Health research ethics approval

Ethical approval was obtained from the University of Nigeria Teaching Hospital (UNTH) Ituku Ozalla, Enugu, Nigeria with reference number NHREC/05/01/2008B-FWA00002458-IRB00002323 and written, informed consent was obtained from parents and assent from the children.

Study setting

The study was conducted during the rainy season from March to November in three hospitals: District Hospital Nsukka (DHN), Bishop Shanahan Hospital Enugu-Ezike (BSHE), and Cottage Hospital Ugbuawka (CHU), located in three different local government areas in Enugu State, Nigeria. Enugu State is located in Southeastern Nigeria where malaria is present throughout the year with high malaria transmission during the rainy season. Two of the hospitals, Bishop Shanahan Hospital and Cottage Hospital Ugbuawka are situated in rural areas while District Hospital Nsukka is situated in an urban area. District Hospital Nsukka and Bishop Shanahan Hospital are secondary health facilities. Their laboratory units have two laboratory assistants headed by a laboratory scientist with 10 years working experience. Cottage Hospital Ugbuawka is a primary health facility with two laboratory technicians with over 4 years working experience.

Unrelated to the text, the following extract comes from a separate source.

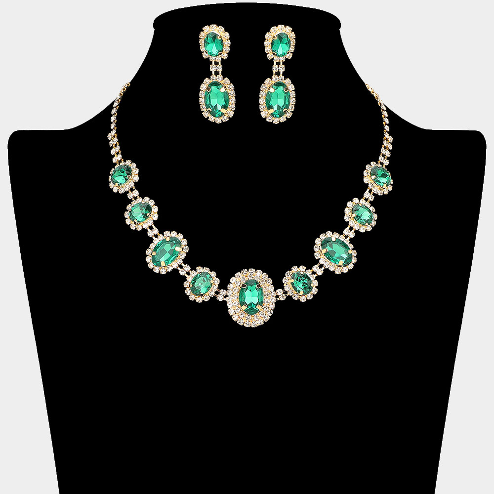 Oval Stone Accented Rhinestone Trimmed Necklace

Participants and eligibility

Outpatients (≥6 years of age) who had a temperature of ≥37.5°C and/or headache were recruited after informed consent was obtained. Patients who had taken antimalarials in the past 2 weeks prior to sampling were not enrolled. Descriptive characteristics of the subjects are shown in [Table 1]. All the enrolled patients were tested using RDT, microscopy, and PCR.

Rapid diagnostic testing

RDT kit First Response®, a histidine-rich protein 2 (HRP2) combo cassette test from Premier Medical Corporation (23 Ziks Avenue Enugu. First Response® kits were supplied by the study group to the three study hospitals for uniformity and reliability of the results. All the laboratory staff was trained on how to use the kit in a 1-day workshop. All the patients were tested with First Response®. Each kit was labeled with the patient's number. The patient's index finger was swabbed and pierced with a sterile lancet provided with the kit. 5 μl of blood was scooped with a loop by the laboratory assistant and added to the sample well in a cassette followed by three drops of sample diluent. Results were read within 20 min. Faint test lines were considered to be positive. Each patient was sampled 3 mL of venous blood into well-labeled ethylenediamine tetraacetic acid (EDTA) tubes and transferred in a cold chain to Safety Molecular Pathology Laboratory (SMPL) within 5 h of sampling where blood film microscopy and PCR testing were performed.

Blood film microscopy

About 20 μl of blood was used in preparing thick smears of blood in a clean slide, which were dried and stained with 5% Giemsa stain for 30 min. Dried slides were viewed at x1000 with oil immersion by the certified Medical Laboratory Scientists. Parasites were counted against 200 white blood cells (WBCs) from the thick film. Parasite density was estimated assuming total WBC count of 10,000/mL. [20] The pictures of the slides were captured and results were recorded electronically. Slides were stored in a secure slide box and were reconfirmed by another scientist. The laboratory personnel were blinded of the first response results.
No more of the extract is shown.